Figure 4 illustrates the training and validation loss trajectories of the proposed model over 250 epochs on the OASIS and ADNI datasets. For the OASIS dataset, both losses decline sharply during the initial epochs and then stabilize. The validation loss remains close to the training loss, suggesting effective generalization and minimal risk of overfitting. Similarly, the ADNI dataset shows a rapid early decrease in losses, with the validation curve closely tracking the training curve. The consistent closeness and convergence of the training and validation curves across epochs indicate that the model learns generalizable patterns rather than memorizing specific data points. Toward the later epochs, both losses remain relatively stable, reinforcing the model’s strong generalization capability. Overall, the parallel decrease in training and validation losses across both datasets highlights the proposed model’s robustness and suitability for real-world deployment, where reliable performance on new, unseen data, such as inpatient diagnosis, is critical.

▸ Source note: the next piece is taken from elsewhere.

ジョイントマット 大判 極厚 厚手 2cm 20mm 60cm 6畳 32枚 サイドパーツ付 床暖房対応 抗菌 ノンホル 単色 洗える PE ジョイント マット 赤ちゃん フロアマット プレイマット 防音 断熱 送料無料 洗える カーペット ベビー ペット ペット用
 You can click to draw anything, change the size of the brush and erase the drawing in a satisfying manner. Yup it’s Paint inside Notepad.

Fig. 4: Training and validation loss curves across 250 epochs.

Legend: a The OASIS dataset and b The ADNI dataset.

Figure 5 compares the accuracy trajectories of the proposed model with and without active learning across the OASIS and ADNI datasets. On the OASIS dataset, the model with active learning demonstrated a sharp increase in accuracy from 65% to 88% as more labeled data was included. In comparison, the model without active learning only reached around 72%. This highlights the efficiency of active learning in leveraging labeled samples. A similar but more pronounced pattern emerged in the ADNI dataset. Although the active learning model started at 60%, it quickly surpassed the non-active learning model, achieving nearly 90% accuracy compared to approximately 70% without active learning. This greater gap in ADNI highlights the adaptability of active learning to complex datasets. The analysis reveals that incorporating active learning significantly enhances model performance across both datasets, enabling higher accuracy with fewer labeled examples and demonstrating its robustness in data-scarce environments.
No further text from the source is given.